== TASK DIRECTIONS ==
Please give the lines below again exactly as they stand, from the one that contains "Entdecken Sie unglaublichen" up to and including the one that contains "- felső rész: közlekedő, 3", leaving all pictures out.

== INPUT MATERIAL ==
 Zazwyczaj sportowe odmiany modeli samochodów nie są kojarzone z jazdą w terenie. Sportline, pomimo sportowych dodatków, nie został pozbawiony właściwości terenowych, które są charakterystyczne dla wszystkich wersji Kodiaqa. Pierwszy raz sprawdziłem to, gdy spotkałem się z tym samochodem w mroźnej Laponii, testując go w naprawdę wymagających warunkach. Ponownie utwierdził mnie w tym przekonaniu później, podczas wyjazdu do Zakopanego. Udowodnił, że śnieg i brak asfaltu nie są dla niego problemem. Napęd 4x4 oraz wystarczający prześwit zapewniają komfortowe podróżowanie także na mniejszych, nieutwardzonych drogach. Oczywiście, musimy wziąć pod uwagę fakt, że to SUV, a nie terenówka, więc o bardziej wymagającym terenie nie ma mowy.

...

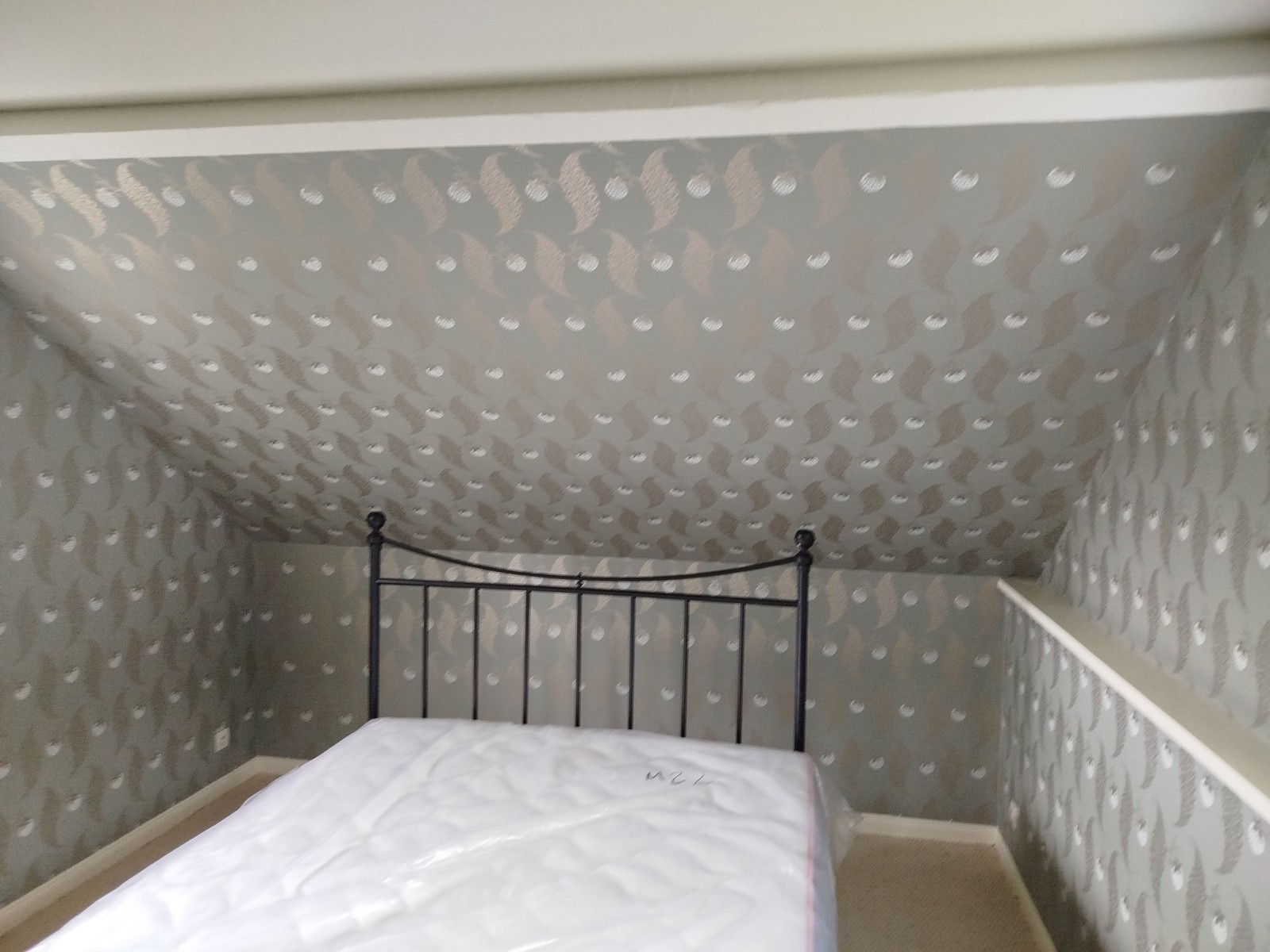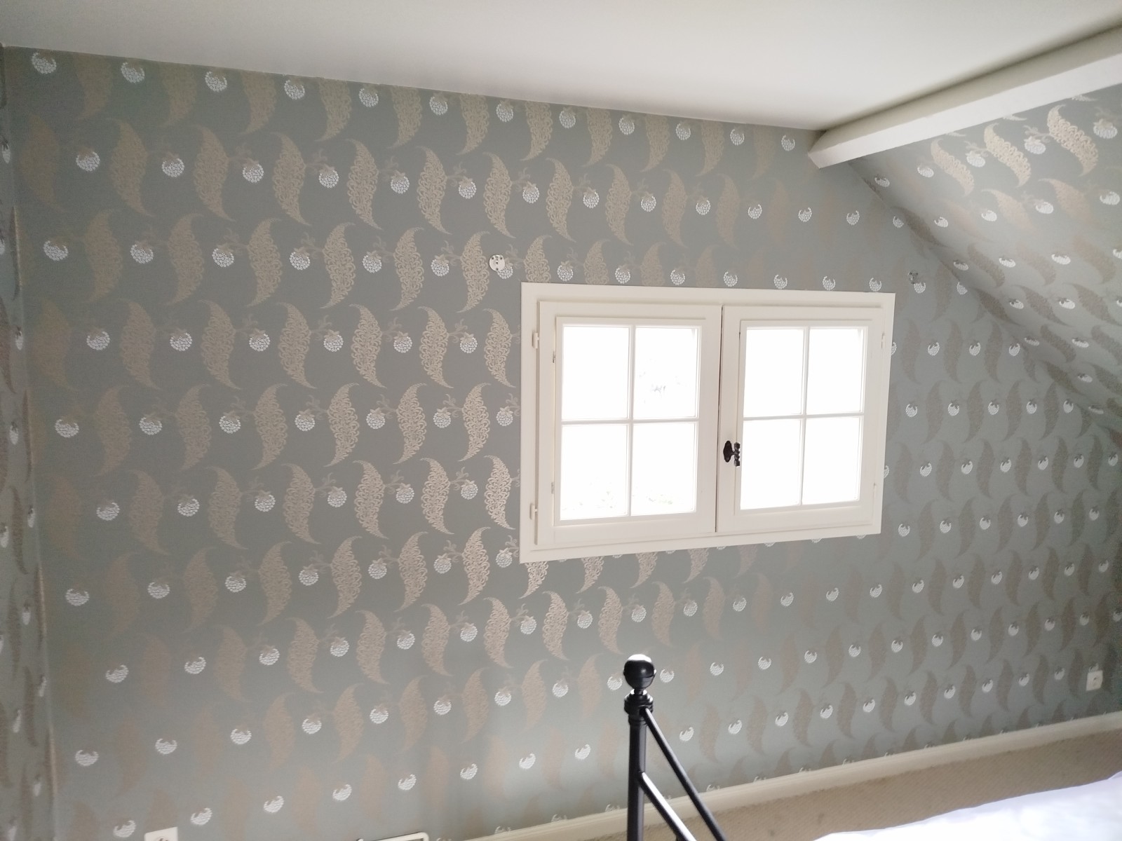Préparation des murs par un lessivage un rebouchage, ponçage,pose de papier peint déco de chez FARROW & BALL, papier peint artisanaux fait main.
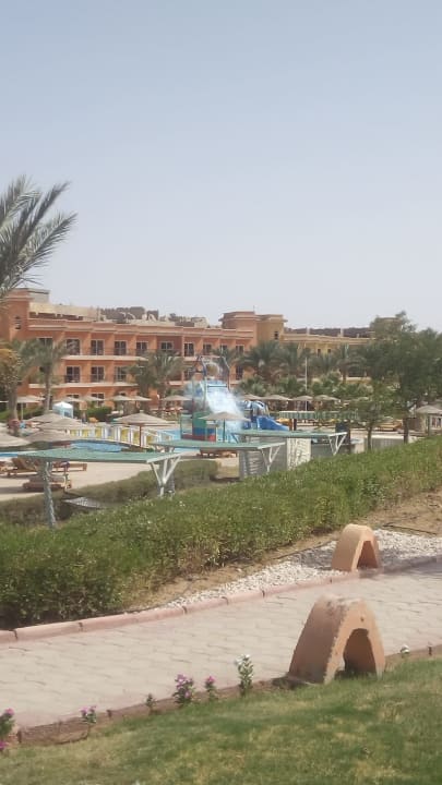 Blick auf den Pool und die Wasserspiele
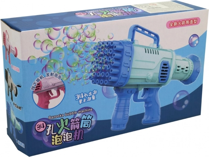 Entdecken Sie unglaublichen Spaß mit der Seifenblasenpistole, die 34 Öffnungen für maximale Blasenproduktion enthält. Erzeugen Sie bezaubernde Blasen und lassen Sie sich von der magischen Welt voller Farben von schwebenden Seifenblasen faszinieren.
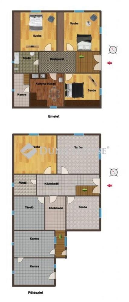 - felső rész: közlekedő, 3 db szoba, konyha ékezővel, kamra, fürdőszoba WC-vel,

== ANSWER TO THIS TASK ==
 Entdecken Sie unglaublichen Spaß mit der Seifenblasenpistole, die 34 Öffnungen für maximale Blasenproduktion enthält. Erzeugen Sie bezaubernde Blasen und lassen Sie sich von der magischen Welt voller Farben von schwebenden Seifenblasen faszinieren.
 - felső rész: közlekedő, 3 db szoba, konyha ékezővel, kamra, fürdőszoba WC-vel,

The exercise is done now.